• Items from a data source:
--------------------------------
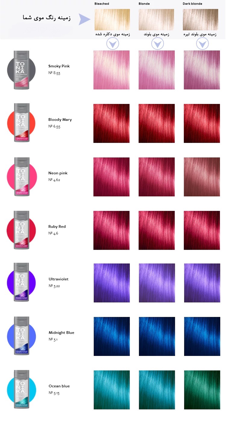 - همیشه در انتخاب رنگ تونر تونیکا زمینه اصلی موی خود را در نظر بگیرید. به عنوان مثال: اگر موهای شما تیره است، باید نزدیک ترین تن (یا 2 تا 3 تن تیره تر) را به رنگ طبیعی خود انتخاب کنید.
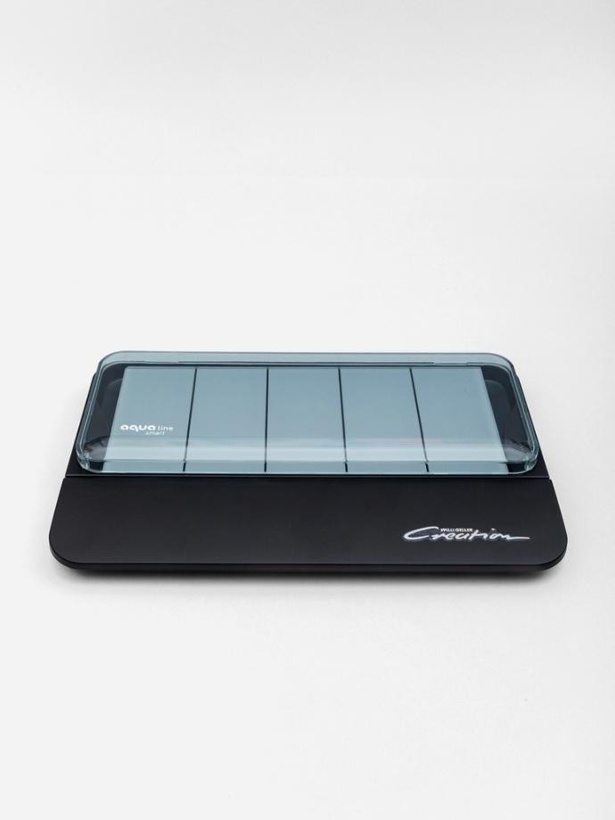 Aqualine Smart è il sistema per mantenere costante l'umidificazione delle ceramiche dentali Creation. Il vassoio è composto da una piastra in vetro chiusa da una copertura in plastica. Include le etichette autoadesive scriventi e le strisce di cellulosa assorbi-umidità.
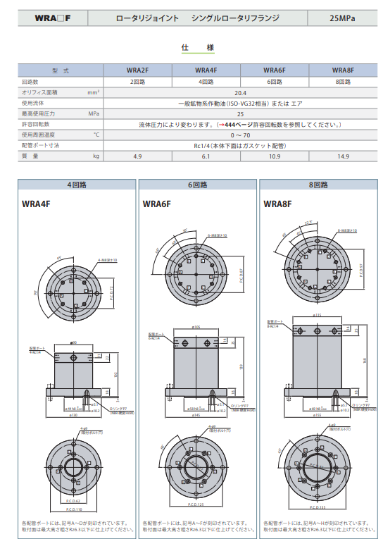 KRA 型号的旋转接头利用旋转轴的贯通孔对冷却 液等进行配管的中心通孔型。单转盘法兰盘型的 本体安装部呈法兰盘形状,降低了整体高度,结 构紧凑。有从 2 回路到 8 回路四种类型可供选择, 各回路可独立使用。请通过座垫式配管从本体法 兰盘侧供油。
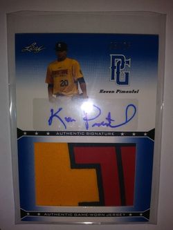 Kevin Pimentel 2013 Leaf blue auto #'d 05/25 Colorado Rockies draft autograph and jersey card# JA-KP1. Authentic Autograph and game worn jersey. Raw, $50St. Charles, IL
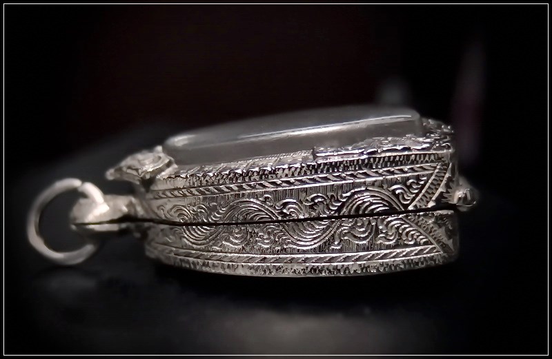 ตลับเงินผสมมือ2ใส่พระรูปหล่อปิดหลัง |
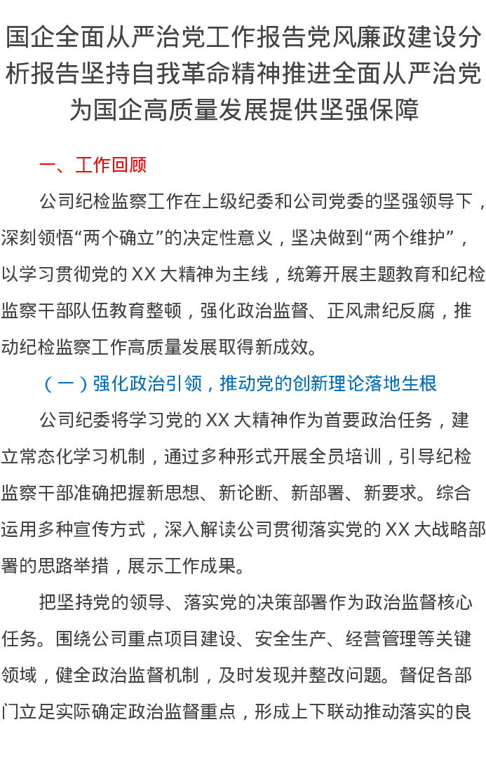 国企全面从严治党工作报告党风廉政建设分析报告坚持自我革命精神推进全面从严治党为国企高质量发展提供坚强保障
--------------------------------
• ASSIGNMENT: Each entry should come back exactly as written, with its pictures omitted.

• EXERCISE RESULT:
 - همیشه در انتخاب رنگ تونر تونیکا زمینه اصلی موی خود را در نظر بگیرید. به عنوان مثال: اگر موهای شما تیره است، باید نزدیک ترین تن (یا 2 تا 3 تن تیره تر) را به رنگ طبیعی خود انتخاب کنید.
 Aqualine Smart è il sistema per mantenere costante l'umidificazione delle ceramiche dentali Creation. Il vassoio è composto da una piastra in vetro chiusa da una copertura in plastica. Include le etichette autoadesive scriventi e le strisce di cellulosa assorbi-umidità.
 KRA 型号的旋转接头利用旋转轴的贯通孔对冷却 液等进行配管的中心通孔型。单转盘法兰盘型的 本体安装部呈法兰盘形状,降低了整体高度,结 构紧凑。有从 2 回路到 8 回路四种类型可供选择, 各回路可独立使用。请通过座垫式配管从本体法 兰盘侧供油。
 Kevin Pimentel 2013 Leaf blue auto #'d 05/25 Colorado Rockies draft autograph and jersey card# JA-KP1. Authentic Autograph and game worn jersey. Raw, $50St. Charles, IL
 ตลับเงินผสมมือ2ใส่พระรูปหล่อปิดหลัง |
 国企全面从严治党工作报告党风廉政建设分析报告坚持自我革命精神推进全面从严治党为国企高质量发展提供坚强保障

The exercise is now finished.